Midlands accountancy firm Harben Barker has won an appeal against a ruling that the firm was acting negligently when it failed to recommend a non-dom client, Hossein Mehjoo, should seek specialist advice on a complex tax planning product that would have helped the businessman avoid a £850,000 capital gains tax (CGT) liability for the sale of shares in his fashion company report Harris & Co accountants Northampton
The judgment in the Court of Appeal in Mehjoo v Harben Barker (a firm) & Anor  EWCA Civ 358 overturned previous court rulings in the long-running case, made it clear that accountancy firms do not have a general duty to recommend sophisticated tax planning schemes to their clients.
The case concerned an Iranian businessman, Hossein Mehjoo, who retained his Iranian domicile of origin for UK tax purposes. He had previously successfully sued Harben Barker for £1.4m after the firm failed to recommend he use an offshore tax avoidance scheme – known as the Bearer Warrant Scheme (BWS) – in order to reduce his CGT bill.
Mejhoo had argued, and other court judgments had accepted, that the accountant who dealt with him at Harben Barker should have been aware both of his non-dom status and of options such as the BWS.
However, the judges at the Court of Appeal said such a decision was not ‘sustainable’ since Harben Barker ‘were not and had never held themselves out to be specialist tax planners’.
Lord Justice Patten said: ‘I am not therefore persuaded that HB were under any duty to advise the claimant of significant tax advantages which, to their reasonable knowledge, did not exist.’

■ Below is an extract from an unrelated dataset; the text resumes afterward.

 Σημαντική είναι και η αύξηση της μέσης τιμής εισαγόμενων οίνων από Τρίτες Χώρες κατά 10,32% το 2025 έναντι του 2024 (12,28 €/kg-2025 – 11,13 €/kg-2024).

Rob Morris, partner at City law firm RPC, said: ‘This ruling offers a lot of protection from negligence claims for generalist accountancy firms who don’t offer specialist tax planning advice. It means that accountancy firms will not be liable for failing to recommend a complex tax planning product unless they specifically offer this service to clients.’

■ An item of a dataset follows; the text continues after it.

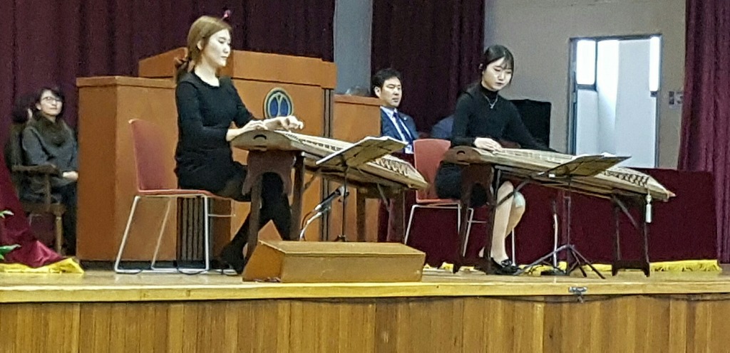 금융고 교사들이 입학 축하 가야금 연주를 하고 있다.

Morris said the Court of Appeal decision was also significant for professional firms that build a close relationship with a client over a number of years without updating their engagement terms, as court was reluctant to find that the accountancy practice assumed a duty to volunteer advice on issues it had not expressly agreed to in its written retainer.
The Court of Appeal referred to the information provided by the firm to Mejhoo regarding the terms of engagement, which included ‘general tax-planning advice on the best use of reliefs.’ The judges said: ‘Any more specialised services than that would have to be specifically requested by the claimant and it would then be a matter for Harben Barker to decide whether and, if so, how such a request would be accommodated.’
As a result, the judges concluded that in the earlier High Court verdict in the case, ‘the judge was wrong to find that Harben Barker were in breach of duty and it is therefore unnecessary to consider the various issues raised about causation and remoteness of damage’.
The claim against the firm was dismissed.
"This decision is good news for accountants, many of whom had been concerned that the High Court ruling meant that they had a duty to advise clients about tax avoidance schemes," said Meg Wilson, tax specialist writer at CCH.
"I never inferred this from the earlier ruling, as it seemed to be more about accountants ensuring they seek specialist advice when dealing with areas of tax legislation not sufficiently equipped to deal with.
"However given the ruling that the tax advantages of the possible non-dom status of the client in this case were only relevant if the shares were located outside the UK and that this is not something the accountant could have been expected to know was achievable, the accountant did not even need to mention that the client’s domicile status could even be an issue."